In these initial FROS experiments, repressor proteins were used because their high affinity to the operator binding sites would create a spot with a detectable signal-to-background ratio. However, it was shown later that the tight binding of LacR and TetR molecules to their operator sequences can have undesired biological consequences such as gene silencing. In the human osteosarcoma U2OS cell line, insertions of lac repeats were shown to induce an arrest in early S-phase, possibly by stalling DNA polymerase [23]. The same replication roadblock effect was induced by the introduction of a tet operator array in Escherichia coli [24]. In mouse embryonic stem cells, it was reported that the insertion of lac operator arrays next to the DHJH elements and the Eμ enhancer of the immunoglobin locus failed to result in germline transmission. The integration of the lac operator array in mouse embryonic stem cells resulted in an abnormal chromosome count of 70–80 chromosomes, indicating that the insertion of the lac operator array can lead to chromosome instability [25].

As shown by these examples, FROS labeling might induce genomic instability, and the effect of genomic insertion of FROS arrays needs to be carefully controlled.

Before the advent of CRISPR-based genome editing, the use of operator–repressor arrays to image specific loci of interest was largely limited to species with high rates of homologous recombination such as Saccharomyces cerevisiae [26]. In mammalian cells, FROS arrays were typically randomly inserted into the genome. With the increased possibilities of genome editing by homologous recombination and more recently CRISPR–Cas9 directed insertion of different operator–repressor assays within the same locus or chromosome became a possibility. However, the large size and repetitive nature of the operator arrays (typically 196–256 operator binding sites making up a total of 7–12 kb) still posed an experimental hurdle for facile CRISPR-based genome integration.
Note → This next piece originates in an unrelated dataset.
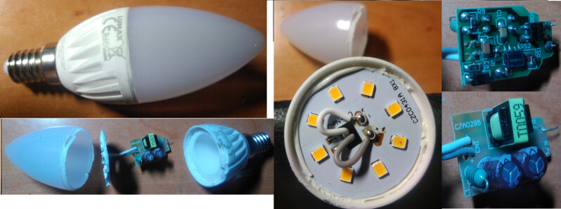 Lampa LED Lumax, po ok.3000h pracy padła. Moc lampy 5,5W, na trzonku E14. Przyczyna: przegrzanie, uszkodzenie jednej diody LED (dioda z ciemnym punktem). Korpus lampy jest ceramiczny, płytka z diodami LED aluminiowa, pokryta warstwą izolacji a na niej ścieżki obwodu drukowanego. Zasilacz umieszczony w korpusie. Producent deklaruje żywotność lampy 30000h. Lampa pracowała w pomieszczeniu o normalnej wilgotności i temperaturze pokojowej, w oprawie z kloszem, otwartej.
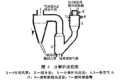 為了調整氣體動力學制度,分解爐內設有節流閘板,它位于混合室的圓錐形異徑管下部。分解爐工作的特性為:它完全依賴于回轉窯的操作制度。分解過的生料粉進入渦流室同回轉窯出來的熱廢氣相混合,并依靠廢氣熱令生料粉達到85-90%的分解。從混合室出來的含生料粉的氣體進入第四級旋風筒,生料粉在該筒內與氣流分開,并沿傾斜溜管進入回轉窯內。

Alexander et al. circumvented this problem by first integrating two AttP landing sites recognized by the bacteriophage integrases PhiC31 and Bbx1. This was followed by the integration of a plasmid containing the operator array sequence and an antibiotic resistance gene, which was removed later by CRE-lox or FLP-FRT recombination [27]. Tasan et al. developed a method of synthesizing a 96-mer TetO array with varying intermittent spacer sequences. This optimized TetO array of approximately 3 kb length can be inserted via CRISPR–Cas9 in a genomic location of interest and no perturbation of the nuclear localization or chromatin state of the targeted loci was observed. By employing a mutant TetR protein and mutated TetO sequence, even the multiplexing of two TetR type FROS systems in mammalian cells became possible [28].

Transcription activator-like effectors (TALEs)

Transcription activator-like effectors (TALEs), discovered in the plant pathogenic bacteria Xanthomonas, are proteins that bind to specific DNA sequences [29]. TALEs bind to DNA through a domain of 32 to 35 amino acids called repeat-variable di-residues (RVDs) with two hypervariable amino acids, each of them binding to a specific base pair. Through DNA cloning, the amino acid code can be reprogrammed to bind specific DNA sequences. This versatility made TALEs a popular platform for applications such as gene editing and transcriptional modulation [30, 31].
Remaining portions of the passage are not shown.